2頭の黒馬をだまし取られ、馬に付き添った下僕が虐待され、上奏しようとした妻を殺される。まったく悪いことをしていないのに、なんでこんなひどい仕打ちにあうのか。コールハースは最後まで、法の厳正な執行を主張し、馬2頭の返還を求めるが……。

コールハースが直面する不条理には、現代社会に通じるものがある。巨大なシステムを前にした個人の無力感。これをどう映画にするのか、カンヌに来る前から期待していた。

映画は挑戦的な方法論に貫かれていた。歴史劇にありがちなナレーションや説明的な芝居を排し、視点をコールハースの行動に絞る。コールハースが見たもの、したこと、されたことしか描かない。回想シーンもない。ストイックなまでに抑制された映画的叙述で、コールハースの心理だけをあぶりだす。

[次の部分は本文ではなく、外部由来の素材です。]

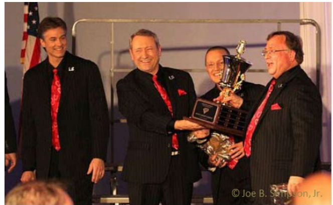
Let's Sing! , newly crowned District Quartet Champions, accepting trophy on the Saturday night show.

The favorable rates and diverse entertainment possibilities (including a golf tournament) attracted roughly a quarter of the attendees on Thursday-unprecedented for a District convention. All that much more time for tag singing, woodshedding and just getting to know your buddies better.
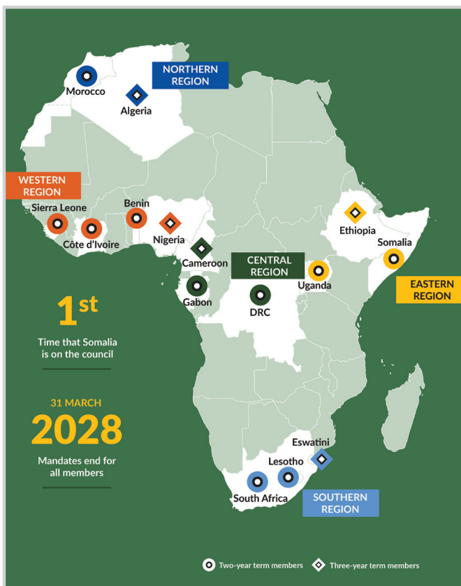
Chart 3: New AU PSC member states serving two- and three-year terms from April 2026

The recently established Board of Peace further undermines the crisis-management relevance of multilateral mechanisms such as the UN Security Council (UNSC) and the PSC. Questions persist about the PSC's ability to decisively influence conflict trajectories and maintain normative authority in future. With the current constraints, can the PSC deliver more creatively, leveraging both its strengths and weaknesses?
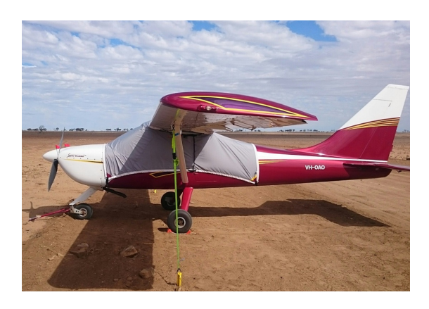
Glastar Sportsman Light Weight Travel Cover

This cover type is made from Silver Acrylic Sunbrella canvas and is 100% lined with a soft and smooth microfiber. Bruce's Custom Covers developed this material combination especially for aircraft protection. The outer material is medium weight and treated for water resistance, UV resistance and anti-static buildup. The inner lining is a very soft and smooth microfiber to prevent scratching. The material is very reflective, and tests show that the cabin interior temperature can be reduced to near-ambient temperature on the hottest of days. It is water, ice and snow repellent, yet breathable to allow moisture to escape from between the cover and the aircraft surface.
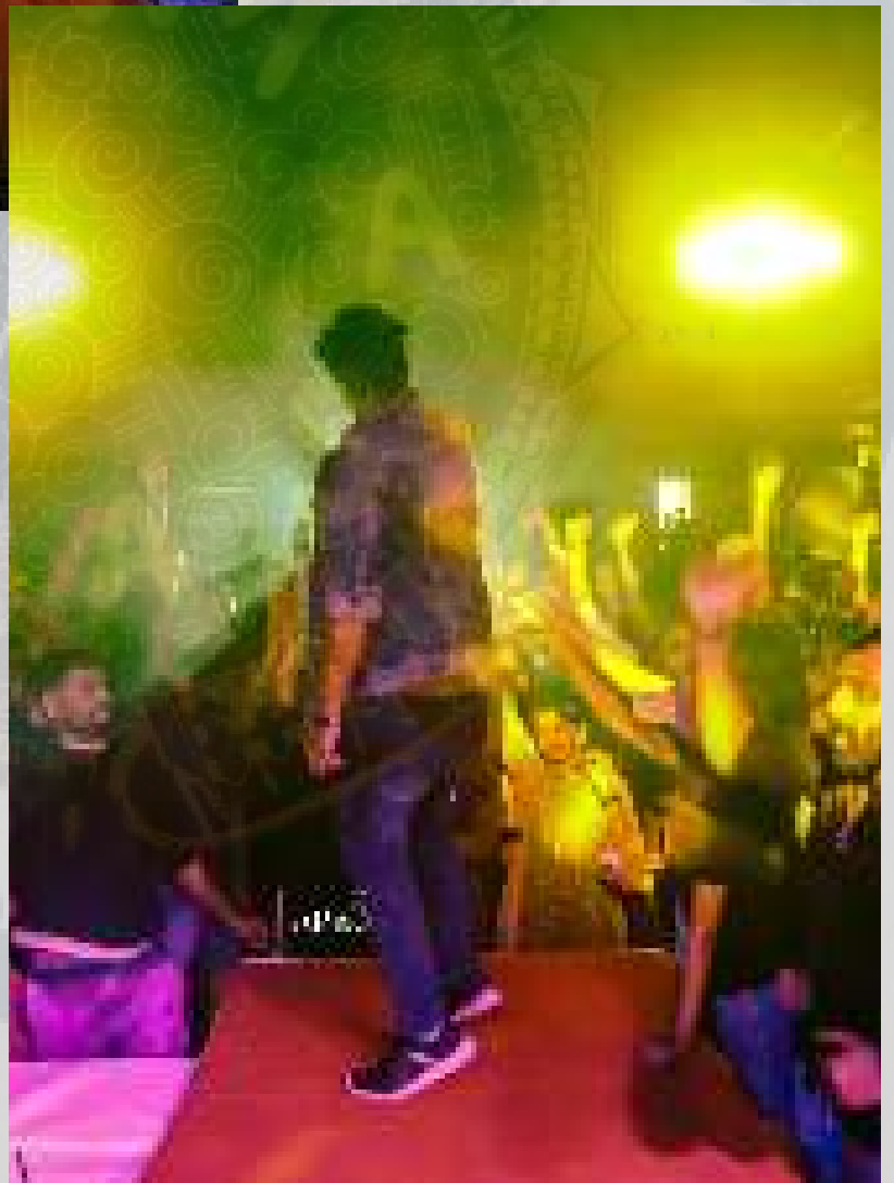
• Band Performance
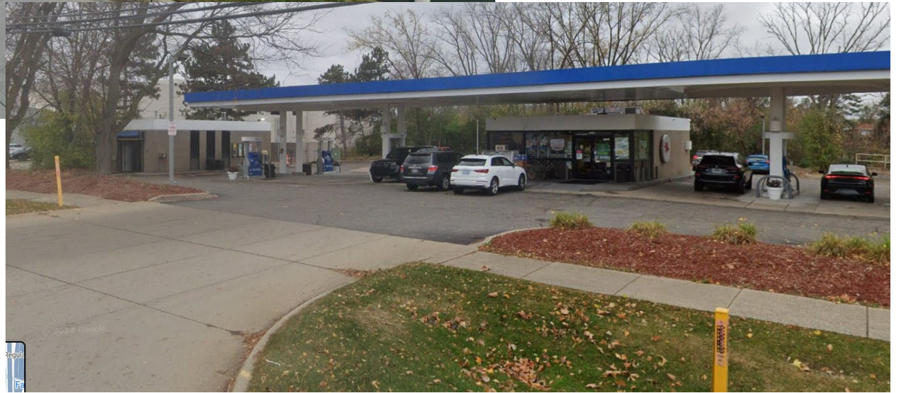
6 – Mobile Gas Station with accessory car wash, Grand River & Haggerty

原作は「或る古記録より」との副題の通り、中世の古い記録を元に、後世の語り手が客観的に物語る形式を取っている。だから都で何があったのか、なぜコールハースの訴えが却下されるのか、どういう政治的な駆け引きがあったのかも説明される。

ところが映画はそんな説明はしない。コールハースの身に降りかかることだけで、すべてを語っていく。そこには現実の人生と同じようなスリルがある。サスペンスなのである。理不尽はコールハースを突然襲うのだ。

不幸な正義派ミケルセンの姿は、昨年のコンペに出品されたトマス・ヴィンターベア監督「偽りなき者」でのミケルセンと重なる。ヴィンターベアも説明や回想を一切排して、ただ降りかかる不幸を即物的に描き続けていた。

映像で語り切ろうとする野心的な映画だ。ただ肝心の映像そのものにいまひとつ力がないのが残念だった。

◇            ◇

会期終盤の木曜日ともなると、多くのバイヤーがカンヌを去る。混雑していたクロワゼット通りもずいぶん歩きやすくなった。残っているのはジャーナリストと批評家ばかり。業界誌もめっきり薄くなった。

コンペは、ジェームス・グレイ、そしてポランスキー、ジャームッシュという巨匠の作品を残すだけ。パルムドールをはじめとする各賞は26日19時(日本時間27日午前2時)に始まる閉会式で発表される。